EXERCISE DESCRIPTION:
Images excluded, reproduce each line of the records exactly as it stands.

Start of DATA LISTING

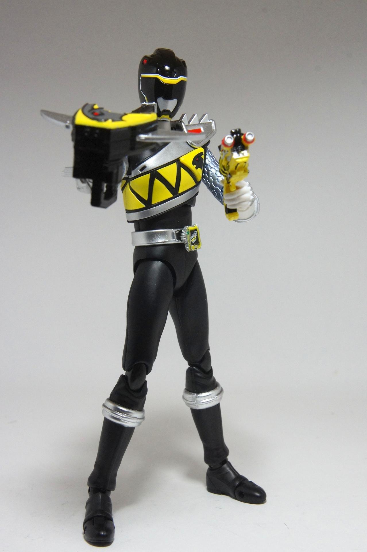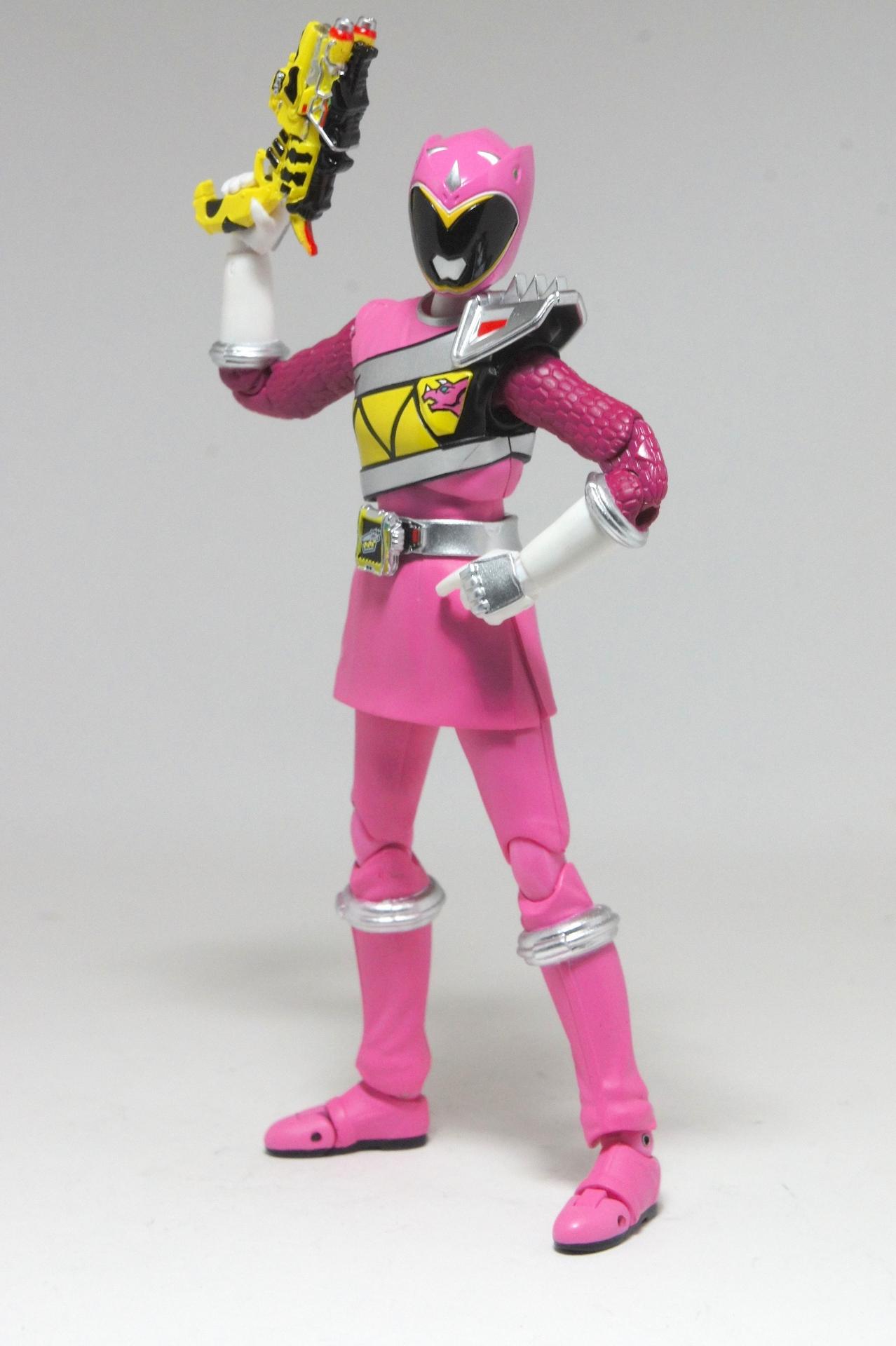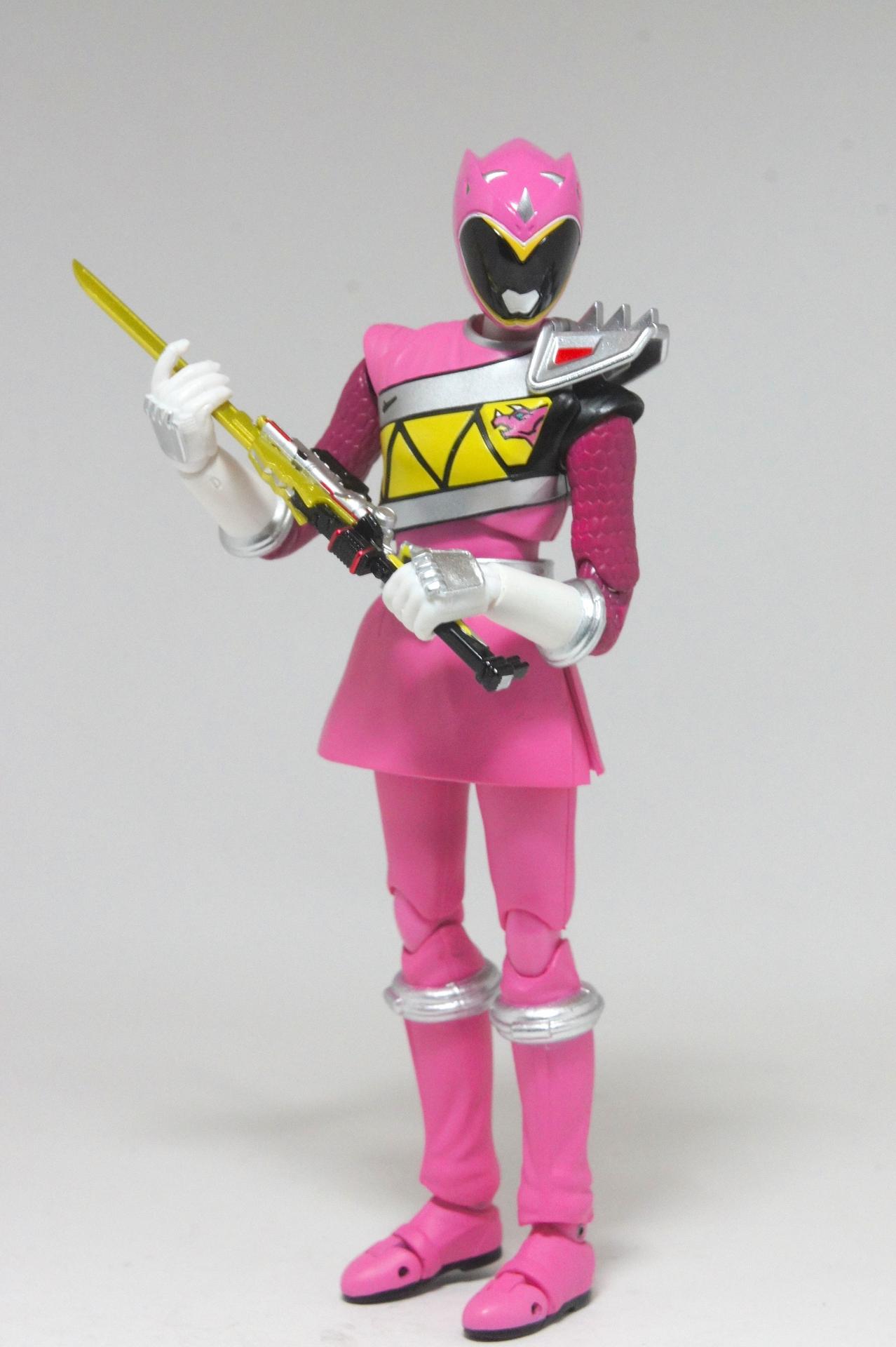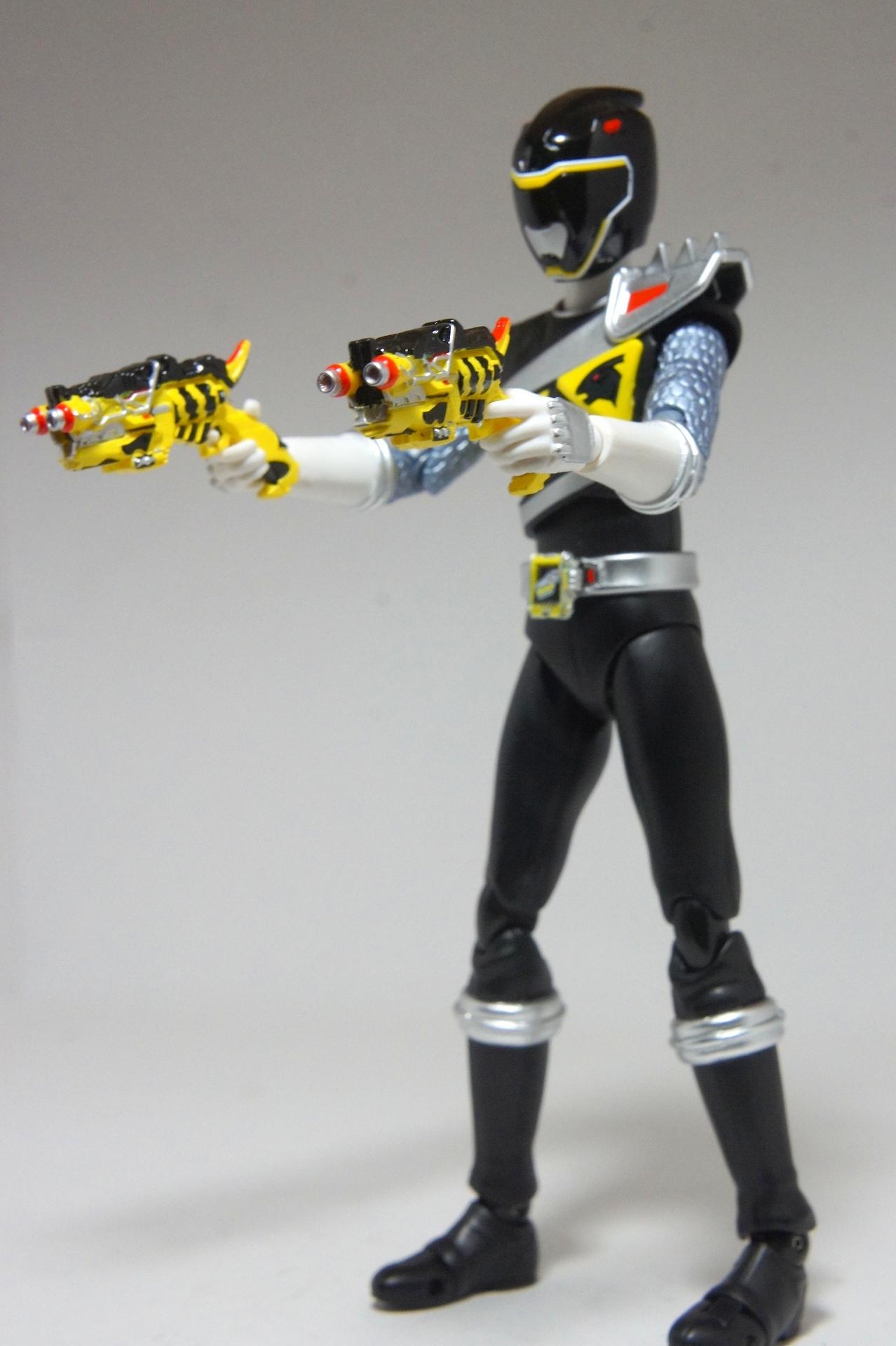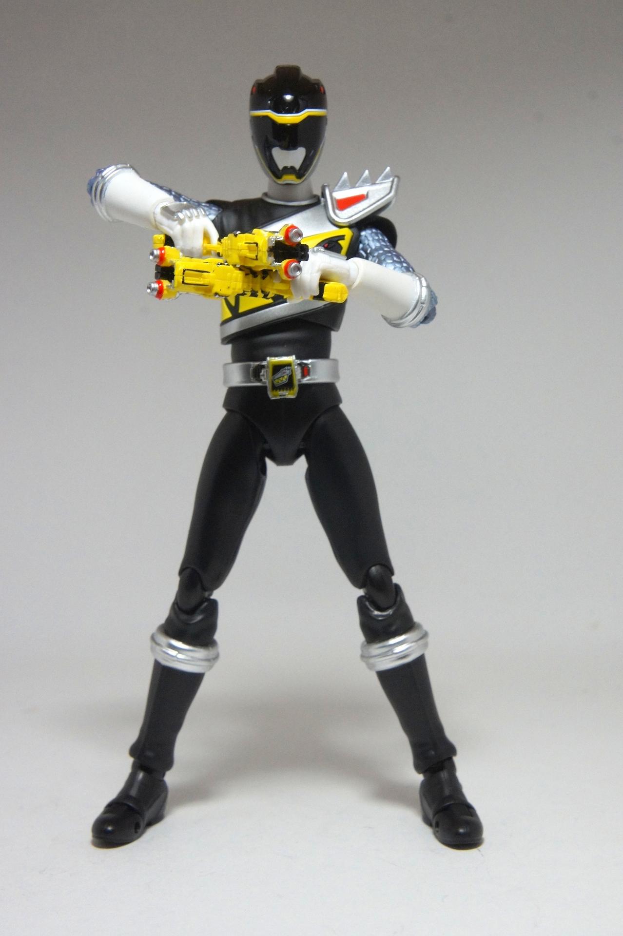 Tsuno No Yuusha! (The Horned Heroine) Kyoryu Pink! This gallery showcases 2 more members of the 37th Super Sentai, Zyuden Sentai Kyoryuger! The first of these figures is Kyoryu Black, otherwise known as Ian Yorkland! Ian is a young treasure hunter from Europe who became a Kyoryuger after an encounter with the Deboss Legion during a treasure hunt led to the death of his best friend. After falling and landing in front of a castle where his future partner Zyudenryu Parasagun was, Ian and the parasaurolophus battled until he was deemed worthy enough to be his partner. Although he makes his debut in the first episode, Ian doesn’t join the team until episode 4, when the very Deboss Legion member that he encountered months ago appears before him. A playboy, Ian is often at ends with his fellow teammate, Souji Rippukan/Kyoryu Green. Despite his playboy attitude, Ian cares for his teammates and for the girls he dates. He is designated as the leader of the team if Daigo is ever out of commission, proving to be a great strategist, but when he’s not, he’s shown to be their best sharpshooter, often dual wielding. Sharing the same body type as his fellow male Kyoryugers, Kyoryu Black is a glorious matte black body with a glossy black head and silver upper arms. Compared to the wrist issues seen on Kyoryu Red, Kyoryu Black’s hands are very easy to swap out. Just like his fellow Kyoryugers, Kyoryu Black comes with a number of accessories- 9 hands (3 for his role call poses, 2 for wielding the Gaburevolver, 2 for wielding the Gaburicalibur, and the standard Figuarts hands), a Gaburevolver, a small #2 Parasagun Zyudenchi, a Gaburicalibur, his Armed On arm and his Zyuden Arms weapon, the Parasa Shot bowgun. Just like the other Zyuden Arms weapons, the Parasa Shot has a thick handle, but can be held with the Gaburicalibur holding hand if you fiddle around with it. Also, the Parasa Shot can’t combine with the other weapons. The second figure in this set is Kyoryu Pink, representing Amy Yuuzuki! Amy is a young rich college student who resided in America when the Deboss Legion first attacked. After meeting her Zyudenryu partner, Dricera in the Grand Canyon, Amy fought the triceratops and was chosen by her to be her partner. The only girl on the team, Amy proves she is not to be messed with by being the resident kick chick- in fact; she once kicked two energy arrows behind her! Amy is the second/third member to join Daigo after witnessing him in action in episode 2. Amy is often seen at home with her butler Gentle, who tries to get her to act like the prim and proper heiress that she is. Despite this, Amy often works in the same restaurant that the team usually eats at/holds a portal into the Spirit Base. Kyoryu Pink stems away from the other Kyoryugers, with a smaller female body frame. Just like her teammates, she has multiple accessories- 4 hands for her different role call poses, 2 hands to hold the Gaburevolver, 2 hands to hold the Gaburicalibur, and the standard 2 Figuarts hands, the Gaburevolver, the Gaburicalibur, a small #5 Dricera Zyudenchi and her Armed On arm and her personal Zyuden Arms weapon, the DriceLance. As it turns out, the one included with the previous set, the Kyoryu Blue and Kyoryu Green Set, was the one for the Kentrospiker. Something to note is that she has the same sized hands as her other teammates and that her helmet seems a little small/her neck is too short. It is kind of difficult to get her into her role call pose as well. The shared accessory in this set is their Kentrospiker Part, a combination of Kyoryu Blue’s Stegochi Shield and Kyoryu Green’s Zakutor Slasher. Both can’t separate into their individual weapons. The DriceLance in that past set can combine with this accessory, forming the Shield LanSlasher! With the Fang Shot included with Kyoryu Gold, the team can complete the Kentrospiker accessory! They also lack the GaburiCannon as an accessory like the rest of their team. This set is really sweet, and I’m glad I managed to get them. They were initially released as a Tamashii Web Exclusive for April 2014. Stay tuned for Den-O’s gallery of the Thundering Hero! (See post 2 for more pics of Kyoryu Pink and the 5 Kyoryugers together!)
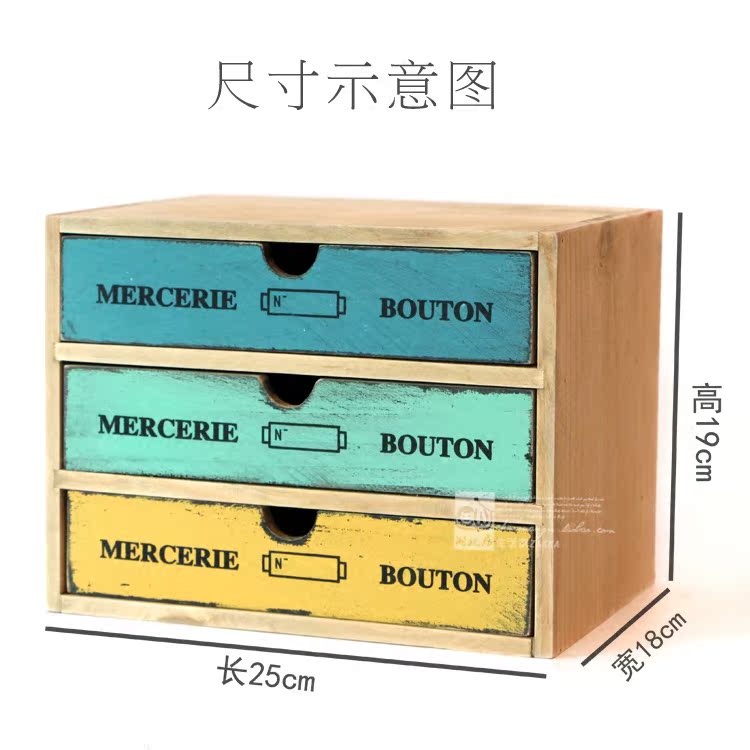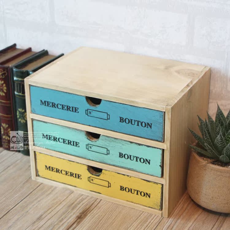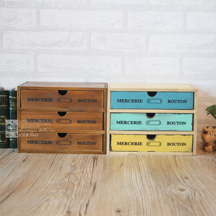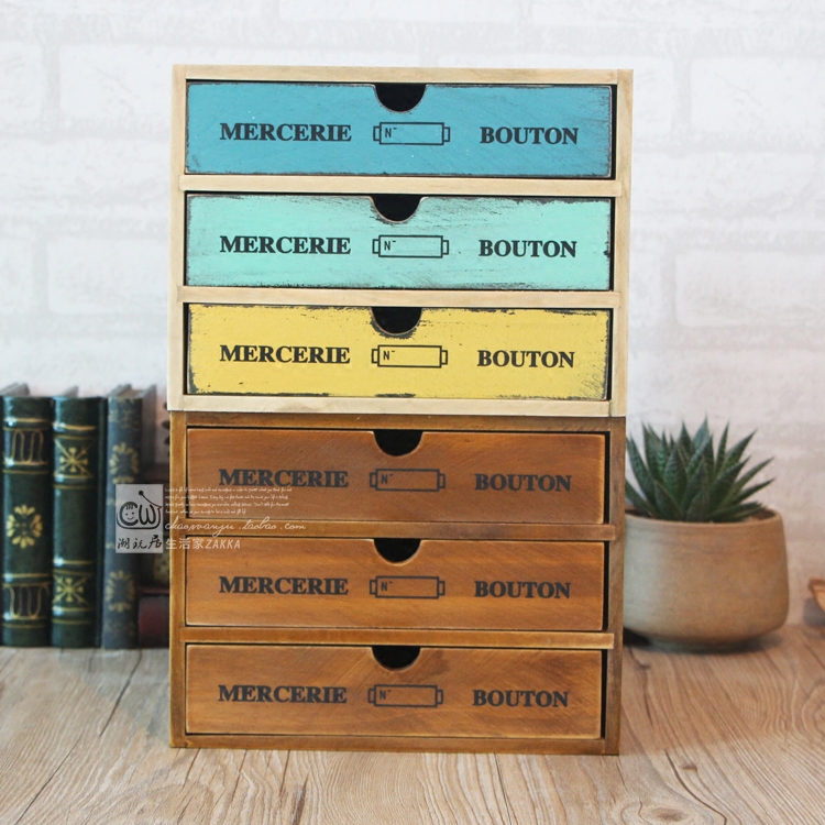 Wooden tabletop storage cabinet solid wood multilayer color trig drawers retro make old storage box home office storage
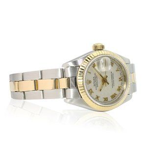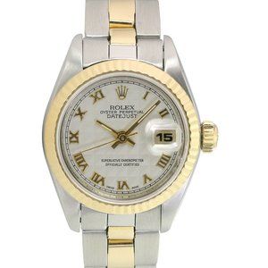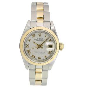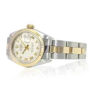 ROLEX DATEJUST CREAM PYRAMID ROMAN DIAL 18KY & STEEL JUBILEE TWOTONE WATCH 69173
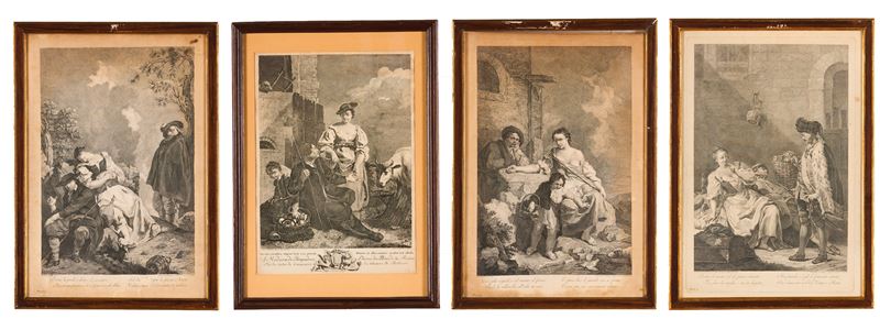 Al piede di ciascuna delle quattro incisioni è riportato un proverbio. Lievi bruniture e tracce d'uso, ma nel complesso buoni esemplari. Entro cornici moderne.
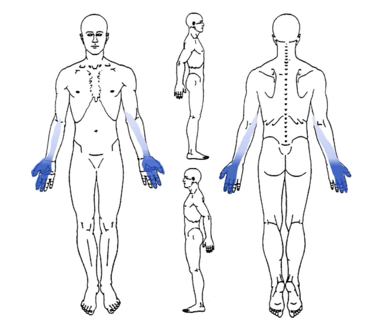 Sensasi kesemutan/parestesia di ibu jari hingga jari tengah yang menjalar ke lengan bawah. Presentasi bilateral dimungkinkan

End of DATA LISTING

SOLUTION:
 Tsuno No Yuusha! (The Horned Heroine) Kyoryu Pink! This gallery showcases 2 more members of the 37th Super Sentai, Zyuden Sentai Kyoryuger! The first of these figures is Kyoryu Black, otherwise known as Ian Yorkland! Ian is a young treasure hunter from Europe who became a Kyoryuger after an encounter with the Deboss Legion during a treasure hunt led to the death of his best friend. After falling and landing in front of a castle where his future partner Zyudenryu Parasagun was, Ian and the parasaurolophus battled until he was deemed worthy enough to be his partner. Although he makes his debut in the first episode, Ian doesn’t join the team until episode 4, when the very Deboss Legion member that he encountered months ago appears before him. A playboy, Ian is often at ends with his fellow teammate, Souji Rippukan/Kyoryu Green. Despite his playboy attitude, Ian cares for his teammates and for the girls he dates. He is designated as the leader of the team if Daigo is ever out of commission, proving to be a great strategist, but when he’s not, he’s shown to be their best sharpshooter, often dual wielding. Sharing the same body type as his fellow male Kyoryugers, Kyoryu Black is a glorious matte black body with a glossy black head and silver upper arms. Compared to the wrist issues seen on Kyoryu Red, Kyoryu Black’s hands are very easy to swap out. Just like his fellow Kyoryugers, Kyoryu Black comes with a number of accessories- 9 hands (3 for his role call poses, 2 for wielding the Gaburevolver, 2 for wielding the Gaburicalibur, and the standard Figuarts hands), a Gaburevolver, a small #2 Parasagun Zyudenchi, a Gaburicalibur, his Armed On arm and his Zyuden Arms weapon, the Parasa Shot bowgun. Just like the other Zyuden Arms weapons, the Parasa Shot has a thick handle, but can be held with the Gaburicalibur holding hand if you fiddle around with it. Also, the Parasa Shot can’t combine with the other weapons. The second figure in this set is Kyoryu Pink, representing Amy Yuuzuki! Amy is a young rich college student who resided in America when the Deboss Legion first attacked. After meeting her Zyudenryu partner, Dricera in the Grand Canyon, Amy fought the triceratops and was chosen by her to be her partner. The only girl on the team, Amy proves she is not to be messed with by being the resident kick chick- in fact; she once kicked two energy arrows behind her! Amy is the second/third member to join Daigo after witnessing him in action in episode 2. Amy is often seen at home with her butler Gentle, who tries to get her to act like the prim and proper heiress that she is. Despite this, Amy often works in the same restaurant that the team usually eats at/holds a portal into the Spirit Base. Kyoryu Pink stems away from the other Kyoryugers, with a smaller female body frame. Just like her teammates, she has multiple accessories- 4 hands for her different role call poses, 2 hands to hold the Gaburevolver, 2 hands to hold the Gaburicalibur, and the standard 2 Figuarts hands, the Gaburevolver, the Gaburicalibur, a small #5 Dricera Zyudenchi and her Armed On arm and her personal Zyuden Arms weapon, the DriceLance. As it turns out, the one included with the previous set, the Kyoryu Blue and Kyoryu Green Set, was the one for the Kentrospiker. Something to note is that she has the same sized hands as her other teammates and that her helmet seems a little small/her neck is too short. It is kind of difficult to get her into her role call pose as well. The shared accessory in this set is their Kentrospiker Part, a combination of Kyoryu Blue’s Stegochi Shield and Kyoryu Green’s Zakutor Slasher. Both can’t separate into their individual weapons. The DriceLance in that past set can combine with this accessory, forming the Shield LanSlasher! With the Fang Shot included with Kyoryu Gold, the team can complete the Kentrospiker accessory! They also lack the GaburiCannon as an accessory like the rest of their team. This set is really sweet, and I’m glad I managed to get them. They were initially released as a Tamashii Web Exclusive for April 2014. Stay tuned for Den-O’s gallery of the Thundering Hero! (See post 2 for more pics of Kyoryu Pink and the 5 Kyoryugers together!)
 Wooden tabletop storage cabinet solid wood multilayer color trig drawers retro make old storage box home office storage
 ROLEX DATEJUST CREAM PYRAMID ROMAN DIAL 18KY & STEEL JUBILEE TWOTONE WATCH 69173
 Al piede di ciascuna delle quattro incisioni è riportato un proverbio. Lievi bruniture e tracce d'uso, ma nel complesso buoni esemplari. Entro cornici moderne.
 Sensasi kesemutan/parestesia di ibu jari hingga jari tengah yang menjalar ke lengan bawah. Presentasi bilateral dimungkinkan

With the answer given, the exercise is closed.